Start of GIVEN MATERIAL

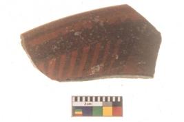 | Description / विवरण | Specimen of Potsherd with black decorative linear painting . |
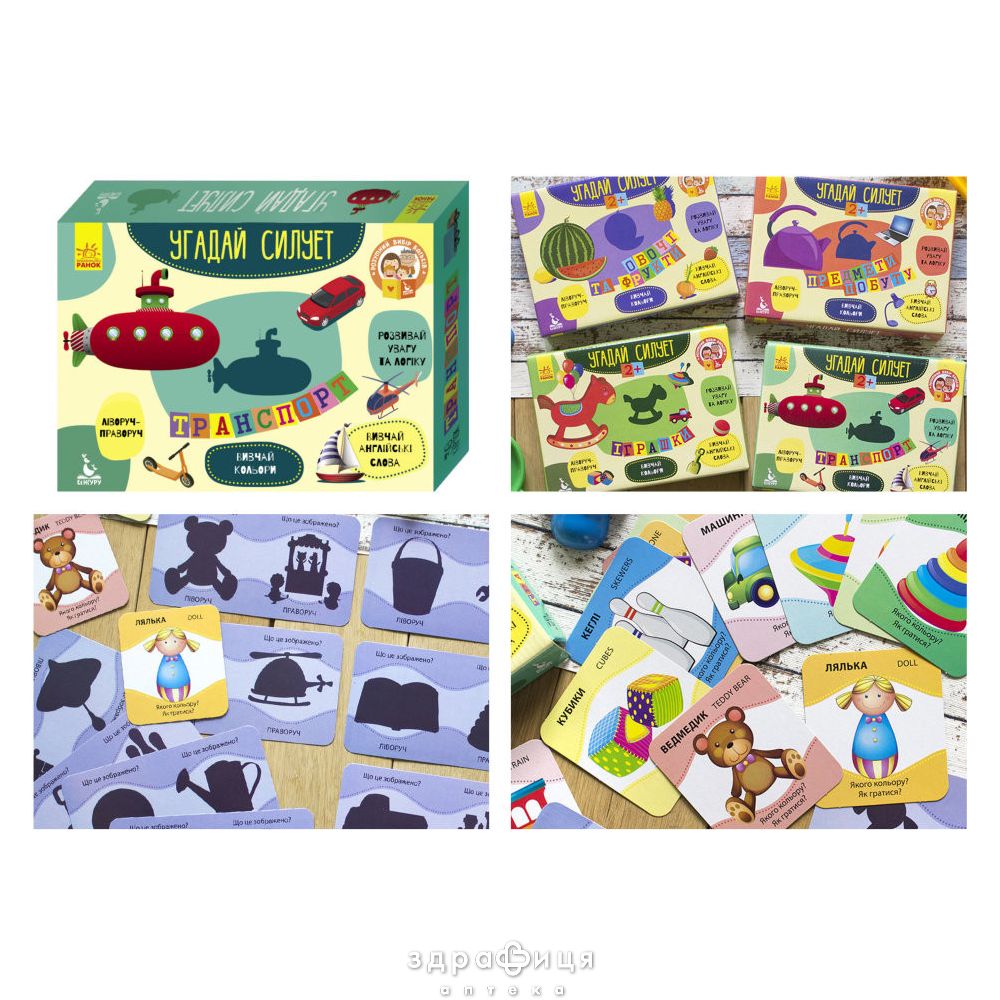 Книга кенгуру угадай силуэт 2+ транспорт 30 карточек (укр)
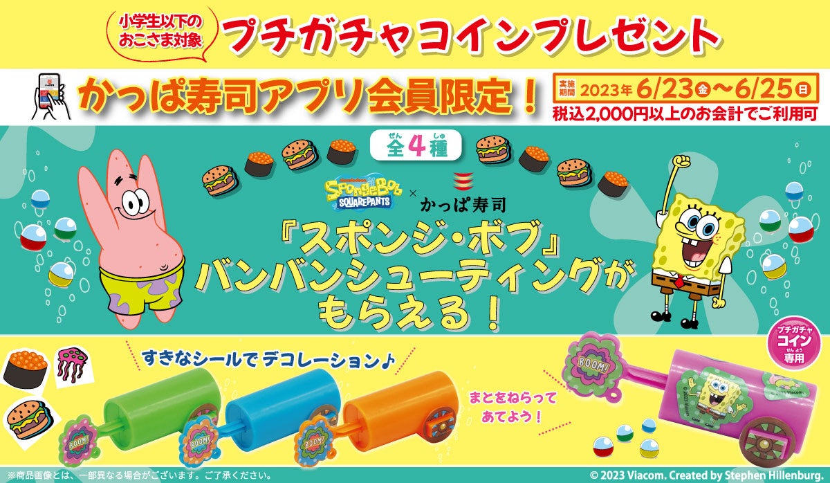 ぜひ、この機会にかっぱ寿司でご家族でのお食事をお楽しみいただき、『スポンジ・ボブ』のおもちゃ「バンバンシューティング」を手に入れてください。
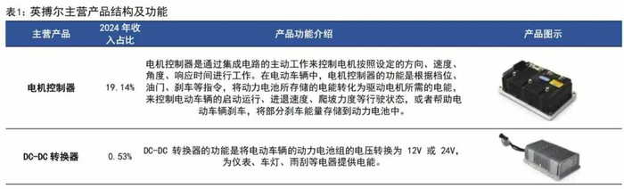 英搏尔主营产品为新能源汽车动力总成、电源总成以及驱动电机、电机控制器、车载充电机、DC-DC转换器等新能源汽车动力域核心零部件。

End of GIVEN MATERIAL

§ **ASSIGNED TASK**
Since pictures are not part of the copy, set down only the remaining data exactly.

§ **TASK SOLUTION**
 | Description / विवरण | Specimen of Potsherd with black decorative linear painting . |
 Книга кенгуру угадай силуэт 2+ транспорт 30 карточек (укр)
 ぜひ、この機会にかっぱ寿司でご家族でのお食事をお楽しみいただき、『スポンジ・ボブ』のおもちゃ「バンバンシューティング」を手に入れてください。
 英搏尔主营产品为新能源汽车动力总成、电源总成以及驱动电机、电机控制器、车载充电机、DC-DC转换器等新能源汽车动力域核心零部件。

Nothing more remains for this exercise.